▸ WORK INSTRUCTION
Do not include the pictures; repeat the rest of the data exactly.

▸ Data entries
§ §

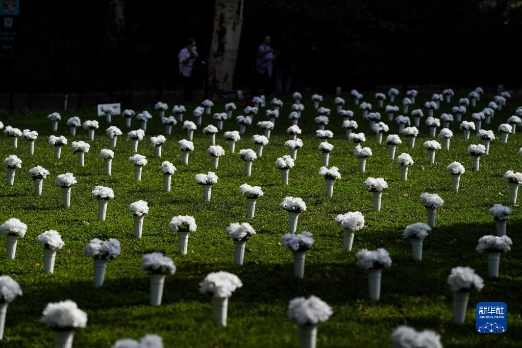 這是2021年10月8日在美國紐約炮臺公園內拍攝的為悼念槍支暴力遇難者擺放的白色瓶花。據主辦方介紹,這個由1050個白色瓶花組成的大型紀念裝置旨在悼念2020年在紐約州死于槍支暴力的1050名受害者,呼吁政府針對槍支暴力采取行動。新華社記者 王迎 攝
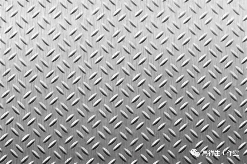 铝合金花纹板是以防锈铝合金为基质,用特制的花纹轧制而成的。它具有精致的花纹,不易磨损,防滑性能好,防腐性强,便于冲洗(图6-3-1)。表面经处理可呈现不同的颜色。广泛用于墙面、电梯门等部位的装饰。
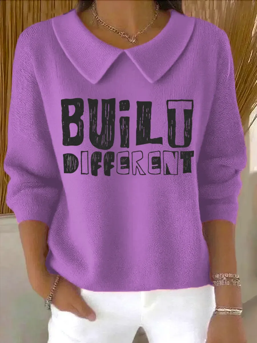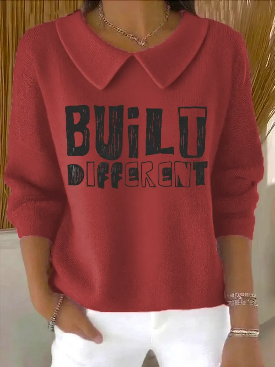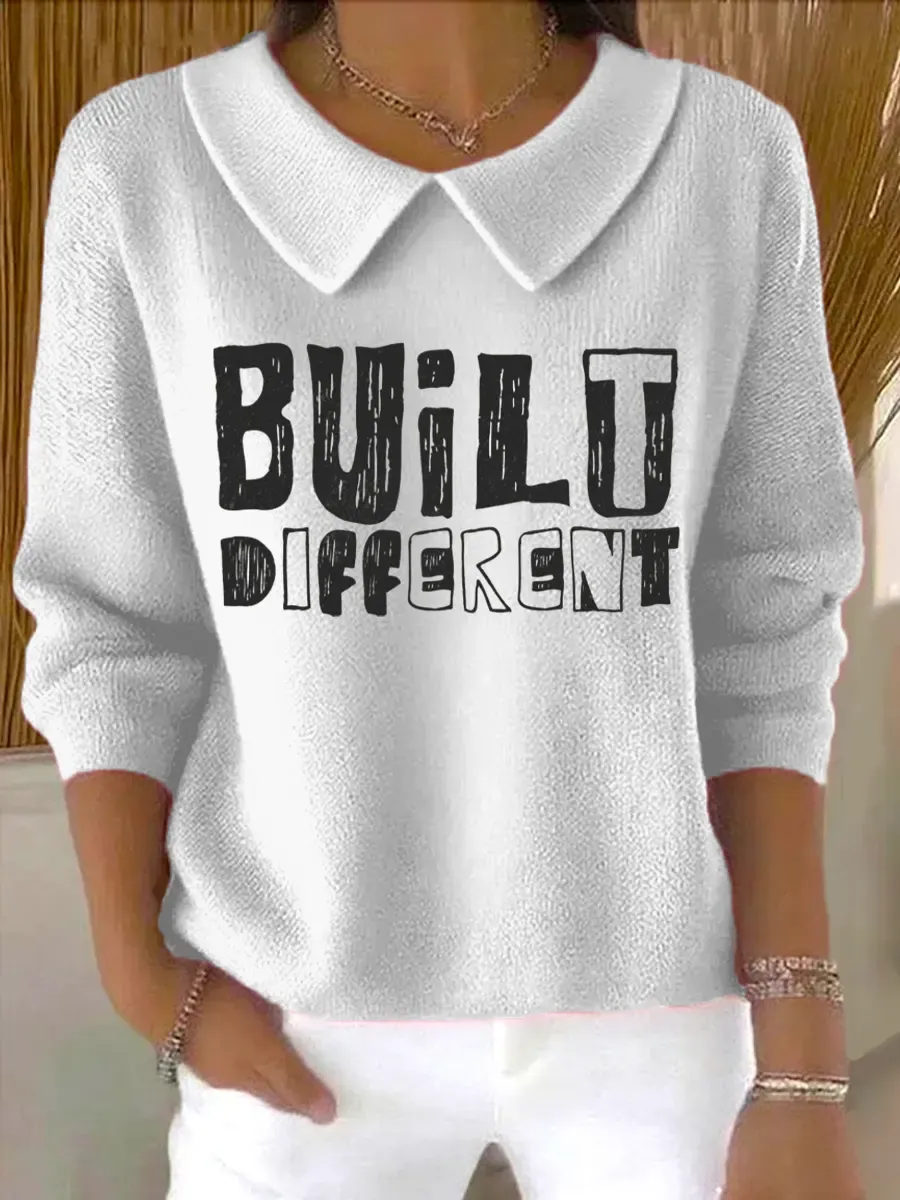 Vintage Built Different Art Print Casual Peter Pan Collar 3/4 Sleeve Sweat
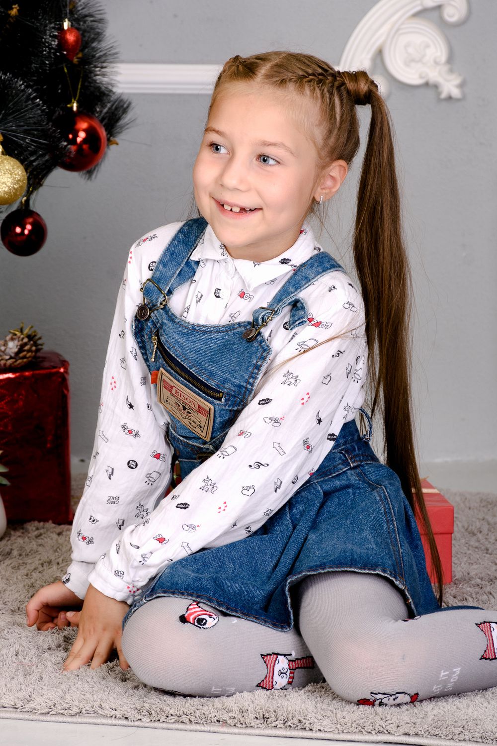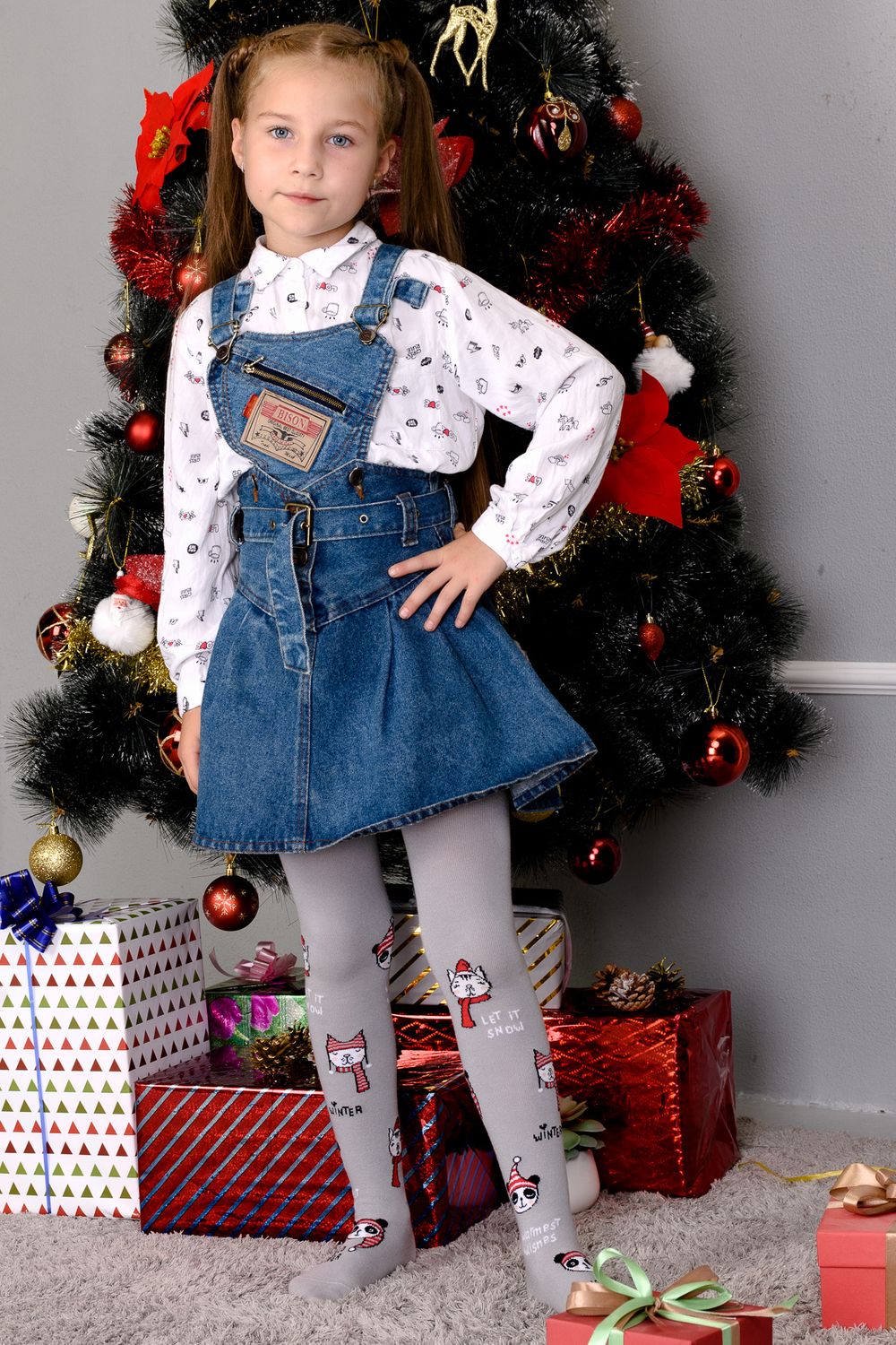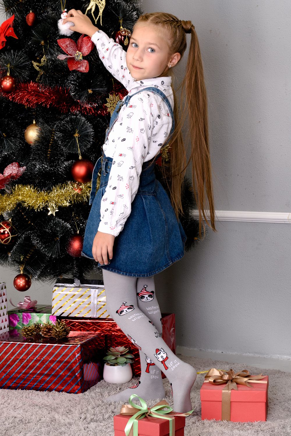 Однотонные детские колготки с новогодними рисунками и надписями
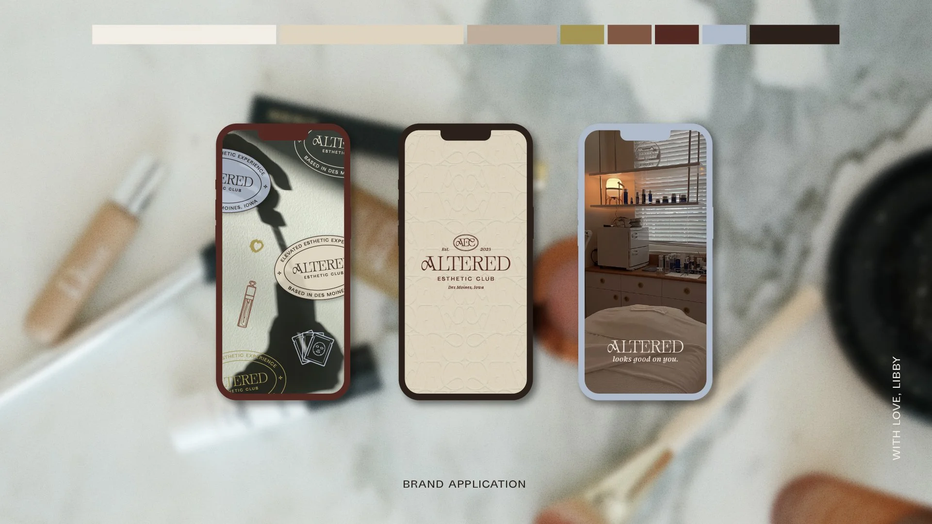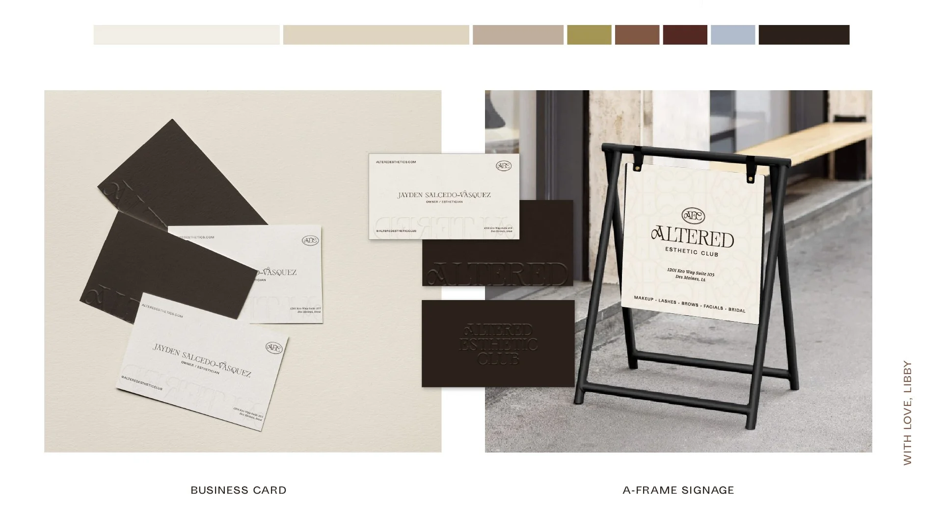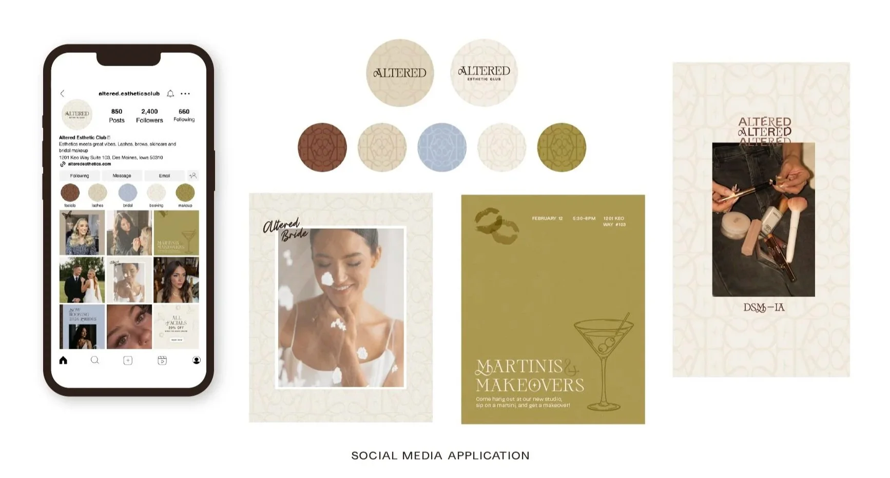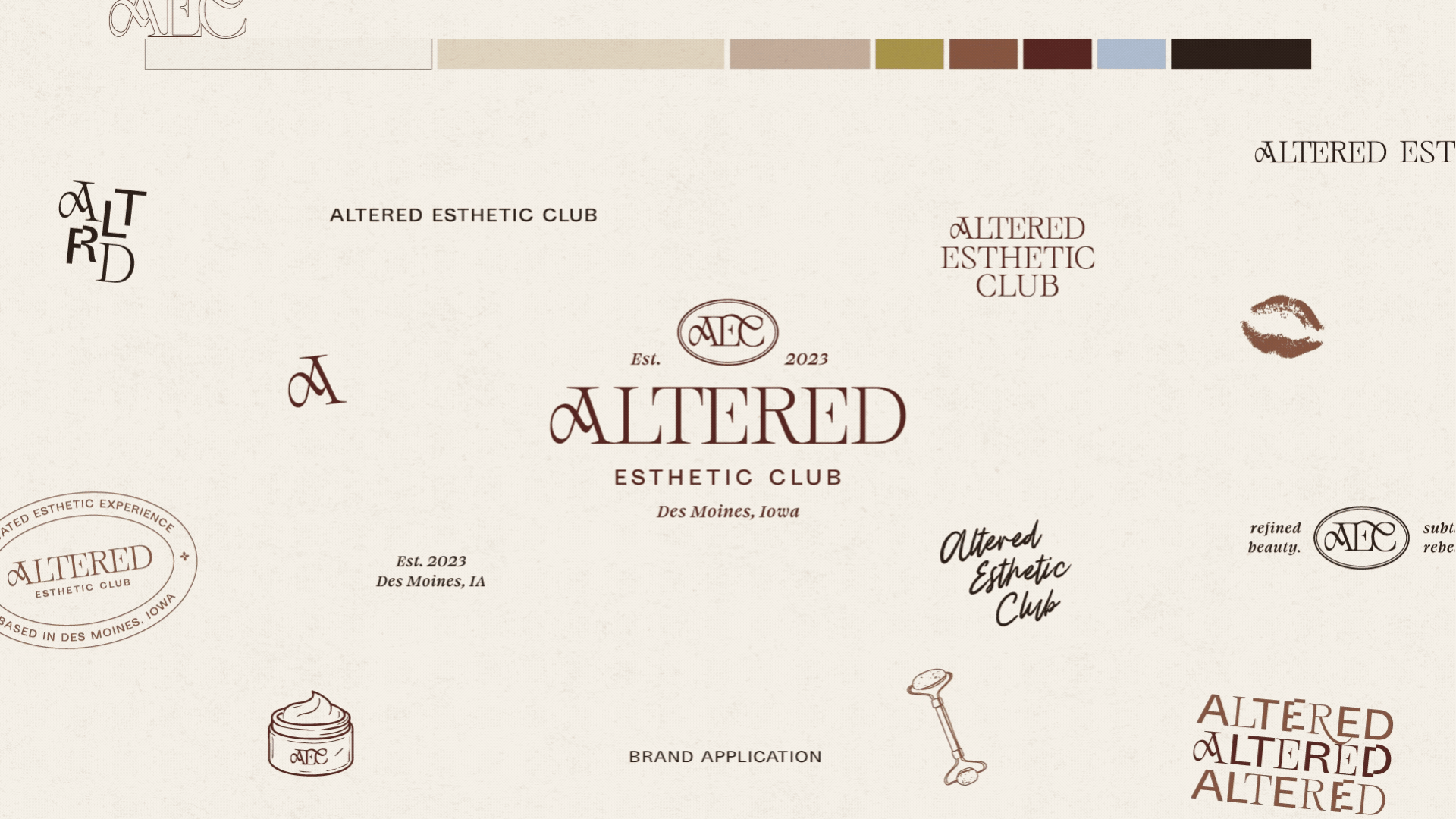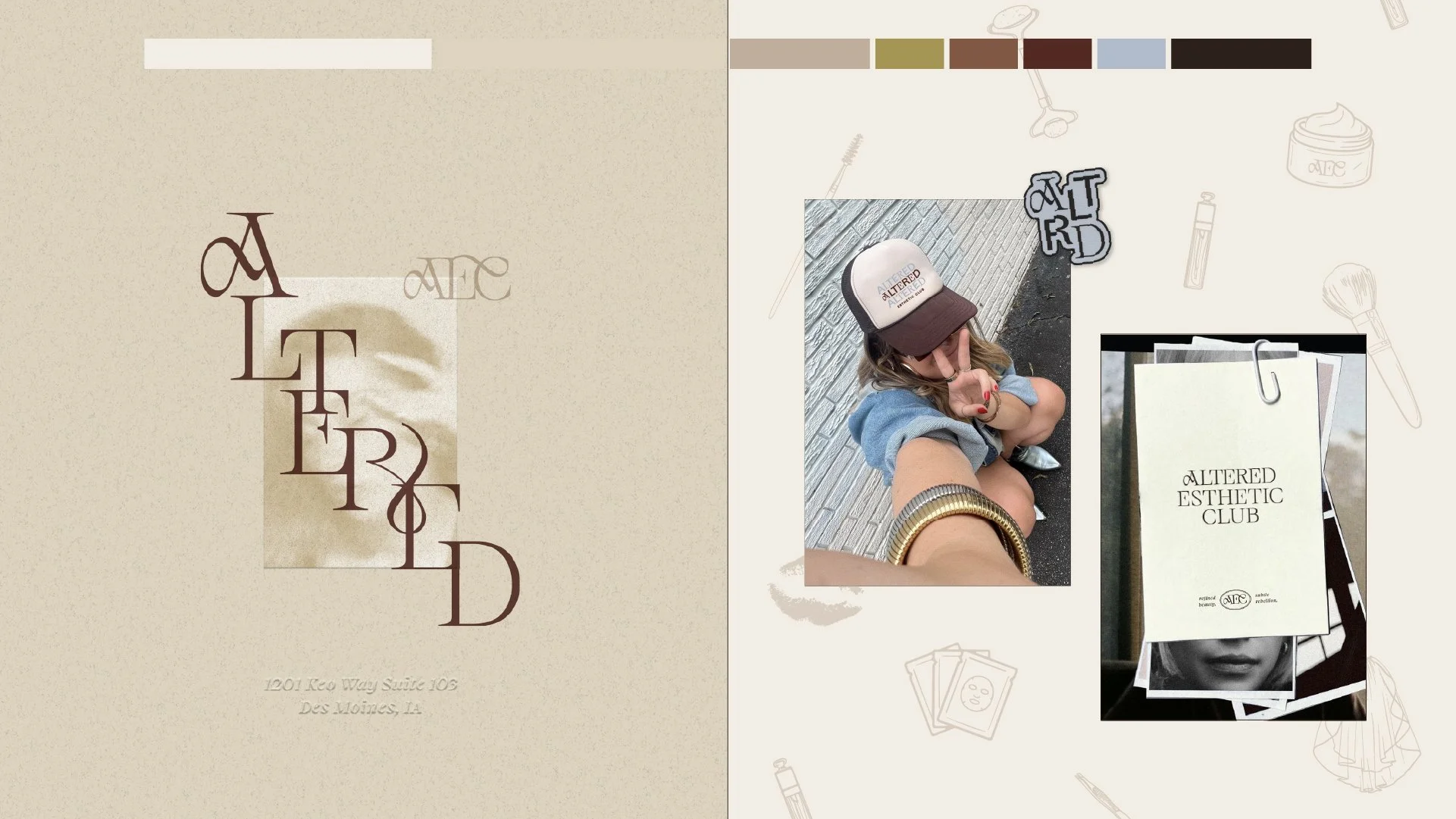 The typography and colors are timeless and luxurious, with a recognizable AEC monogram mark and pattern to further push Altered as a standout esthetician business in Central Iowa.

§ §

▸ WRITTEN RESPONSE
 這是2021年10月8日在美國紐約炮臺公園內拍攝的為悼念槍支暴力遇難者擺放的白色瓶花。據主辦方介紹,這個由1050個白色瓶花組成的大型紀念裝置旨在悼念2020年在紐約州死于槍支暴力的1050名受害者,呼吁政府針對槍支暴力采取行動。新華社記者 王迎 攝
 铝合金花纹板是以防锈铝合金为基质,用特制的花纹轧制而成的。它具有精致的花纹,不易磨损,防滑性能好,防腐性强,便于冲洗(图6-3-1)。表面经处理可呈现不同的颜色。广泛用于墙面、电梯门等部位的装饰。
 Vintage Built Different Art Print Casual Peter Pan Collar 3/4 Sleeve Sweat
 Однотонные детские колготки с новогодними рисунками и надписями
 The typography and colors are timeless and luxurious, with a recognizable AEC monogram mark and pattern to further push Altered as a standout esthetician business in Central Iowa.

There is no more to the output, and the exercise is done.